*PROBLEM*
All entries below need to be written out exactly, but without their pictures.

(Records excerpted from a collection)
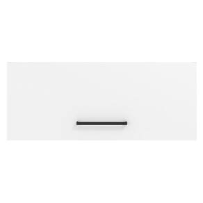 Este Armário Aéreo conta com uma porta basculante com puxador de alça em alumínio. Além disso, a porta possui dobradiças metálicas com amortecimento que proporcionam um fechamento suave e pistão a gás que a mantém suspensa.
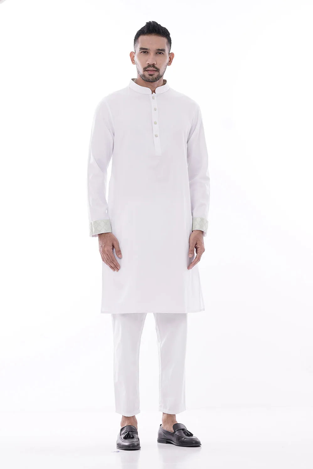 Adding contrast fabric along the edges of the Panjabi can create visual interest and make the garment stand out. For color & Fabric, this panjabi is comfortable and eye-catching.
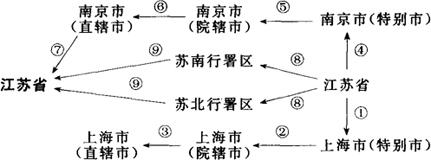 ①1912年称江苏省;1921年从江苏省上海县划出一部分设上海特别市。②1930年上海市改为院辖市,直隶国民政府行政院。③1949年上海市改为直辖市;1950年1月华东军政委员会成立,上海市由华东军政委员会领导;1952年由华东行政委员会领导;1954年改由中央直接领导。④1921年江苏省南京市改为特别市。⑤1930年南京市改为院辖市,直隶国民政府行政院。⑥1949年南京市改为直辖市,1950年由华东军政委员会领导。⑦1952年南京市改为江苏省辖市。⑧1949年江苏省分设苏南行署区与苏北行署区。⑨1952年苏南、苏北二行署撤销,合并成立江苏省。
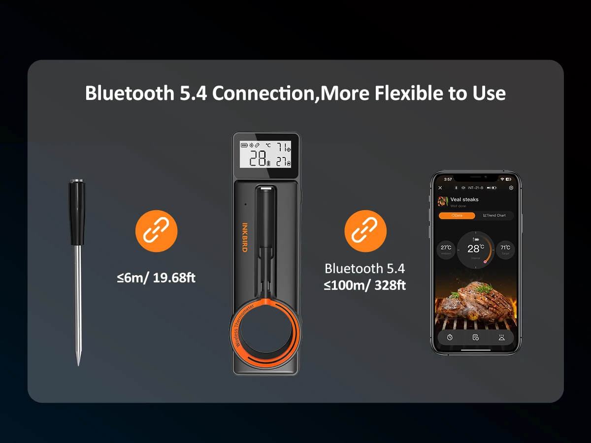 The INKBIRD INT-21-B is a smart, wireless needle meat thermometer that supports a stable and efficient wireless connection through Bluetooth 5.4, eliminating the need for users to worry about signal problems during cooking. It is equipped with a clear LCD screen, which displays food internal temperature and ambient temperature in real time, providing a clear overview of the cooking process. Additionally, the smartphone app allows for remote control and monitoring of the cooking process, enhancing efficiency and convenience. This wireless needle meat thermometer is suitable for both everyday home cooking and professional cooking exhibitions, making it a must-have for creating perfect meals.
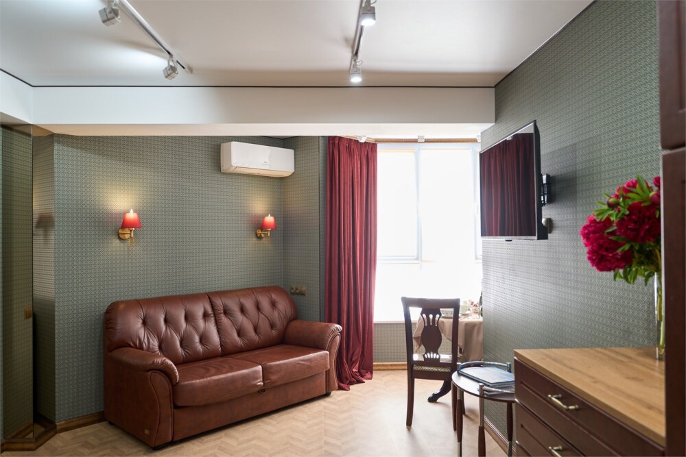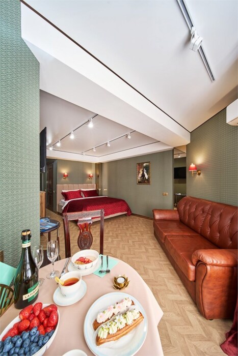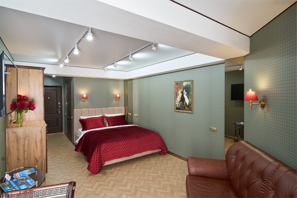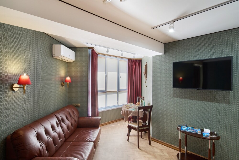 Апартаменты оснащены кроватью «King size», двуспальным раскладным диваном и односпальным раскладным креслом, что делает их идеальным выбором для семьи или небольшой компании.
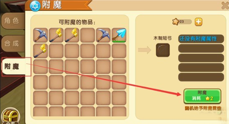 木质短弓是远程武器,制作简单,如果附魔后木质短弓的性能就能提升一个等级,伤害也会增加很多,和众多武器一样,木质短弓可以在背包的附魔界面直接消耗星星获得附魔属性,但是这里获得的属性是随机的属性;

*EXERCISE RESPONSE*
 Este Armário Aéreo conta com uma porta basculante com puxador de alça em alumínio. Além disso, a porta possui dobradiças metálicas com amortecimento que proporcionam um fechamento suave e pistão a gás que a mantém suspensa.
 Adding contrast fabric along the edges of the Panjabi can create visual interest and make the garment stand out. For color & Fabric, this panjabi is comfortable and eye-catching.
 ①1912年称江苏省;1921年从江苏省上海县划出一部分设上海特别市。②1930年上海市改为院辖市,直隶国民政府行政院。③1949年上海市改为直辖市;1950年1月华东军政委员会成立,上海市由华东军政委员会领导;1952年由华东行政委员会领导;1954年改由中央直接领导。④1921年江苏省南京市改为特别市。⑤1930年南京市改为院辖市,直隶国民政府行政院。⑥1949年南京市改为直辖市,1950年由华东军政委员会领导。⑦1952年南京市改为江苏省辖市。⑧1949年江苏省分设苏南行署区与苏北行署区。⑨1952年苏南、苏北二行署撤销,合并成立江苏省。
 The INKBIRD INT-21-B is a smart, wireless needle meat thermometer that supports a stable and efficient wireless connection through Bluetooth 5.4, eliminating the need for users to worry about signal problems during cooking. It is equipped with a clear LCD screen, which displays food internal temperature and ambient temperature in real time, providing a clear overview of the cooking process. Additionally, the smartphone app allows for remote control and monitoring of the cooking process, enhancing efficiency and convenience. This wireless needle meat thermometer is suitable for both everyday home cooking and professional cooking exhibitions, making it a must-have for creating perfect meals.
 Апартаменты оснащены кроватью «King size», двуспальным раскладным диваном и односпальным раскладным креслом, что делает их идеальным выбором для семьи или небольшой компании.
 木质短弓是远程武器,制作简单,如果附魔后木质短弓的性能就能提升一个等级,伤害也会增加很多,和众多武器一样,木质短弓可以在背包的附魔界面直接消耗星星获得附魔属性,但是这里获得的属性是随机的属性;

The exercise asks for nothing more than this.